It's all worth it though.

Anything was worth not having to feel the mind-numbing flood of emotion that hit him when he removed the ring. Those brief windows into the guilt and anguish he left behind were enough to make him slide it back on, no matter how painful the searing agony of his scar was. The scar was flaring up more often now and each time was worse than the last, but he would endure it again and again, preferring the pain of his flesh to the pain of his guilt.

Speaking of flesh…

He curved his lips into a ghost of a smile when he spotted a group of young women – particularly a vivacious blonde in a strapless red number on the sidewalk ahead. His grin widened wolfishly. "Hey gorgeous. I'm headin' to Club Ecstasy. Care for a ride?"

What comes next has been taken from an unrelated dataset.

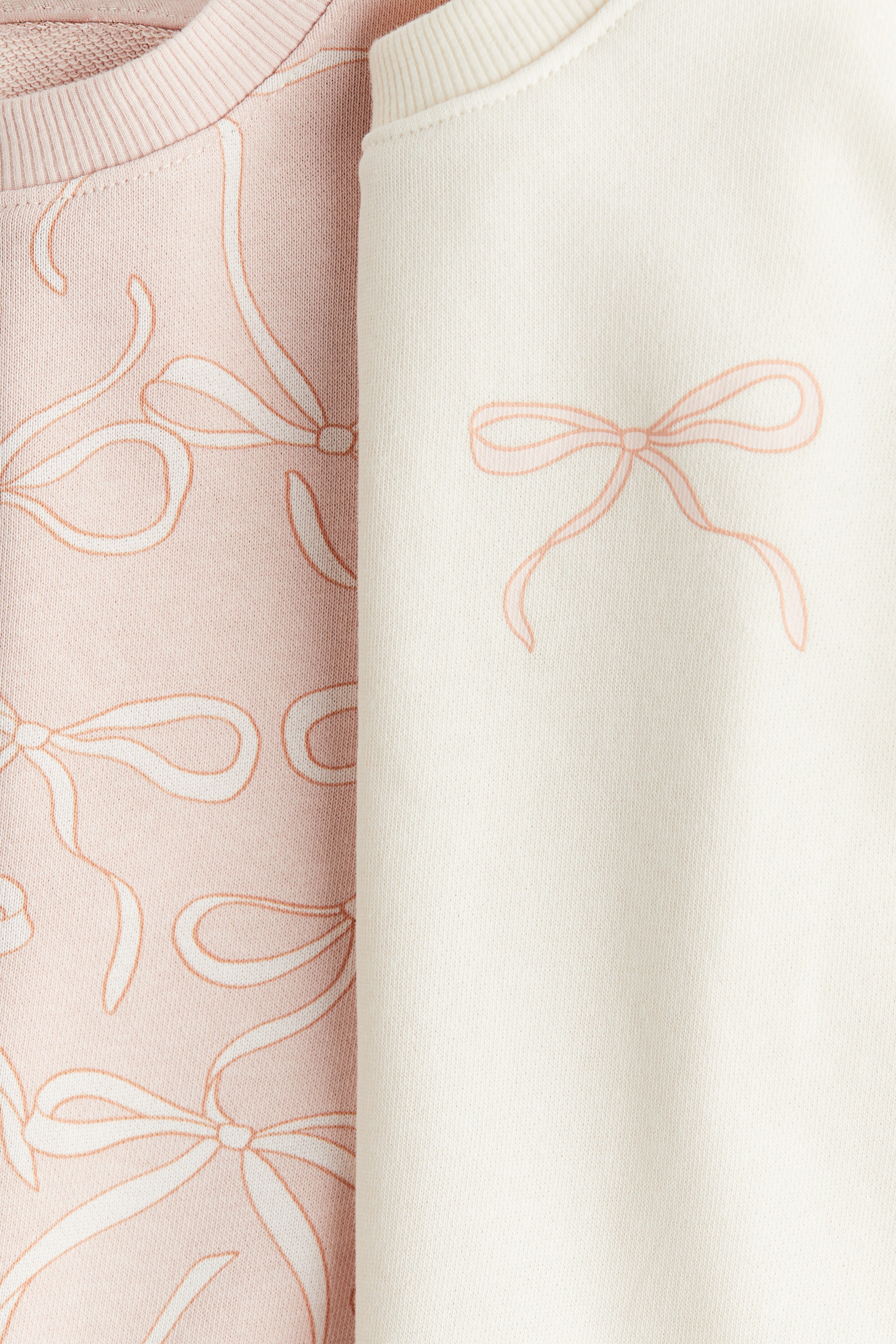 Maglie in leggero tessuto felpato con stampe dal design diverso. Scollo rotondo con bordo a costine, spalle basse con volant decorativo e maniche lunghe. Bordo a costine a fondo manica e in basso.

The blonde nodded eagerly, eyeing his new car as she slid in.

Meanwhile, Clark's x-ray vision was eyeing something else.

One of the girl's homelier companions squawked loudly. "Are you out of your mind? That guy could be a serial killer!"

The sleek blonde threw her friend a sardonic grin. "If he is, at least I'll get a sweet ride to the after life."

Gunning the throttle as he tore away from the curb, Clark hardly bothered glancing at her again once he got his initial eyeful. "So, I'm Kal. You?"

"Janica." She ran her fingers over the leather seat. "Leather, yum…"

He chuckled, pulling up in front of the club and turning off the engine.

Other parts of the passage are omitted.